One plane landed in Russia and its crew was interned there for two years. The other B-25s crashed in the water off the China coast or the mountainous terrain of the Chinese mainland. All of the 80 crew members parachuted safely, although eight were captured by the Japanese, who executed three of them. Another airman died in captivity. Bad weather and low fuel prevented their plan to land the aircraft at a predetermined China destination.
The war mission was so secret, Potter said, that even President Franklin Roosevelt was not informed until the mission was successfully launched. The heroic flight was a great morale builder for the American public during the dark days following Japan's sneak attack on Pearl Harbor, December 7, 1941.

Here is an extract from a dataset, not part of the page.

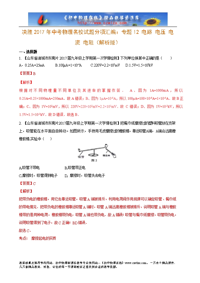 决胜2017年中考物理名校试题分项汇编:专题12 电路 电压 电流 电阻(解析版)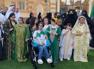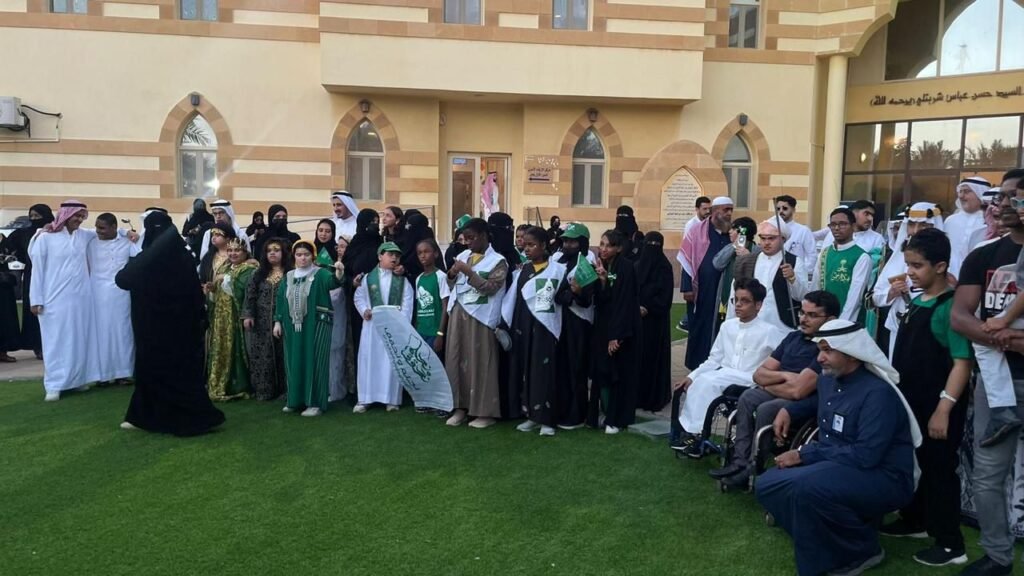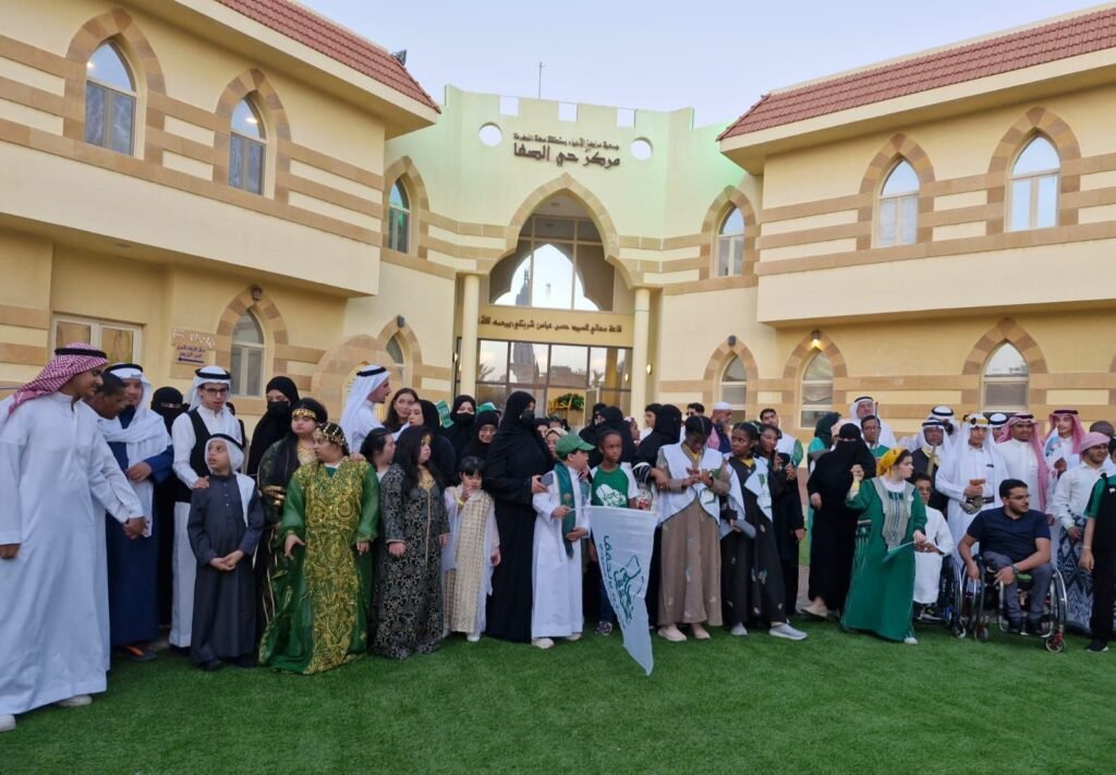 هذا وأشتملت الفعاليات التي أحتضنتها قاعة المركز حي الصفا النموذجي.. بأركاناً تمثل ديكورات المملكة العربية السعودية، بأعمال فنية بمشاركة أبناء مركز نجود للرعاية النهارية و جمعية خطى التوحد ، فكان الإحتفال مليئا” بالسعادة و البهجة وتميزت بإرتداء جميع الأبناء و البنات كبار و صغار بالملابس التراثية والتي تمثل حضارة السعودية وأصالتها وتلقوا في نهاية الحفل هداياهم الخاصة بهذه المناسبة.

Forty-four of the original raiders are still alive and meet annually. Doolittle is 93 and lives in California. Some members of the group had previously discussed trying to find their planes but the 1990 search was the first ever attempted.

Other members of the Doolittle aircraft search were photographer Arthur Gibson, publisher Joyce Olson, personal fitness trainer Heidi Olson and aviation buff Dr. George Weir.

Col. Potter was reunited with several Chinese who befriended him in 1942 after he and other crewmen bailed out and regrouped on the ground. He also met two Chinese men who helped rescue crewmen from the B-25s that landed off shore, and hid them from the Japanese military then occupying the area.
Potter and the search party found several of the sites, including Doolittle's, but found no actual remains of his aircraft. However, they located armor plating, miscellaneous aircraft parts, an American Army issue razor and other items identifiable as the authentic remains of American aircraft and personnel equipment at other sites.